On Tue, Feb 23, 2016 at 12:11 PM, Jeff Reback <jeffreback at gmail.com> wrote:
> Thanks for bringing this up joris, here are some thoughts.
>
> 1) I agree that the next releases should probably focus on bug fixes. So
> this might mean
> we should shoot for 0.18.2....3 etc.
>
> However, we do need a 0.19.0 in order to provide any big deprecations
> (Panel) and API changes that
> are needed.
>
> 2) I am a bit hesitant to even make a big break (1.0) because I have seen
> this just bifurcating people (e.g. do I upgrade now, what if I want
> compat). This just creates less community. So I think this should be a goal,
> that even though its called 1.0 it is as back-compat as possible.
>

Yeah, with more significant internal refactoring the goal would be to
not break API compatibility unless absolutely necessary. However,
fixing such horror shows as this

In [2]: import pandas as pd

In [3]: s = pd.Series([1,2,3])

In [4]: s
Out[4]:
0    1
1    2
2    3
dtype: int64

In [5]: import numpy as np

In [6]: s[1] = np.nan

In [7]: s
Out[7]:
0     1
1   NaN
2     3
dtype: float64

should be fair game.

> 3) Releases can be big, and do fix lots of bugs, and usually introduce new
> ones. This is almost inevitable as we add new features, changes, and even
> bug fixes which occasionally have regressions (though test suite is pretty
> good, so hopefully not too often).
>
> 4) I don't relish backporting things. I think this could lead to lots of
> headaches and IMHO doesn't really buy much.
>

I think what we are talking about is backporting bug fixes for major
brokenness (e.g. serious correctness issues) or regressions that
aren't caught by major release time.

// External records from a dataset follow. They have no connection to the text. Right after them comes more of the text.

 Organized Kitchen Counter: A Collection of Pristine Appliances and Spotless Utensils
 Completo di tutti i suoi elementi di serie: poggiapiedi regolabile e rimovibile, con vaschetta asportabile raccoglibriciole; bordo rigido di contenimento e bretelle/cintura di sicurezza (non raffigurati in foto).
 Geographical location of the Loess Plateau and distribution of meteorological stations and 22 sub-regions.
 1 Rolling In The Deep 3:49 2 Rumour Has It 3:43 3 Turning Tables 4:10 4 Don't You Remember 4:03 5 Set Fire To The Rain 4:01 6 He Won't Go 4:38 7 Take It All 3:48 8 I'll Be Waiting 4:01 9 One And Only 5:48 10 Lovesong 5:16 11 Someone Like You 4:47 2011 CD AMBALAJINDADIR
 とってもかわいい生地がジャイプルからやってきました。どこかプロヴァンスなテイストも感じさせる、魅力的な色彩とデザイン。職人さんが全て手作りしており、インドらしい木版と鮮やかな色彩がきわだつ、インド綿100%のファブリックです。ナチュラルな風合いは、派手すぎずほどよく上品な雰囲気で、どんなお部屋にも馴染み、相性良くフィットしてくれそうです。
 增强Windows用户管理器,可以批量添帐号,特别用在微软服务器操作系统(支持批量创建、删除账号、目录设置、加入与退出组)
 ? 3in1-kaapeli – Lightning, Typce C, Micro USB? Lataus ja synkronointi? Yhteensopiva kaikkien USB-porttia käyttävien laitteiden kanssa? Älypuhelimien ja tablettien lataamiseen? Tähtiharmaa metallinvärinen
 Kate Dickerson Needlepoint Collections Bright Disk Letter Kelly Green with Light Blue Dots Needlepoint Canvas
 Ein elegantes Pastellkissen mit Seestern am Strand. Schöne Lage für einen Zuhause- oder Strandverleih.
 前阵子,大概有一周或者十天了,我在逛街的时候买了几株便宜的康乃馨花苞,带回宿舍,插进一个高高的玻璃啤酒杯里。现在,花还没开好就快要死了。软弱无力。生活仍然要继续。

I think what's been happening in
practice is that people are creating their own patched bugfix versions
of releases to avoid the pain induced by API-breakage in major
releases.

Obviously, continuing to innovate and clean up the API (with judicious
breakage where absolutely necessary -- I think the resampling cleanup
is a good example where the net benefit in the long run will be high)
but we have to take care of the user base, many of whom depend on
pandas in production applications.

This is all made more difficult because there isn't any direct cash
flow funding pandas development AFAICT. Where I work, for example, we
have many employees who are responsible for creating patched builds
and handling backports for otherwise API-stable branches of major
Apache open source projects. But we can afford to do this because
customers are paying for this (priority support and backports /
patched builds).

So what I would suggest, in lieu of financial support for backports
and maintenance builds, is that we consider maint-0.XX.X branches for
backporting only the most serious of serious bug fixes ("Bad Bugs").
Major regressions and correctness issues should go into this bucket.
Perhaps we can start doing this with 0.18.x -- as a matter of process
if any PR appears to fix a Bad Bug it should be brought up here on the
mailing list so we can decide whether it should be backported.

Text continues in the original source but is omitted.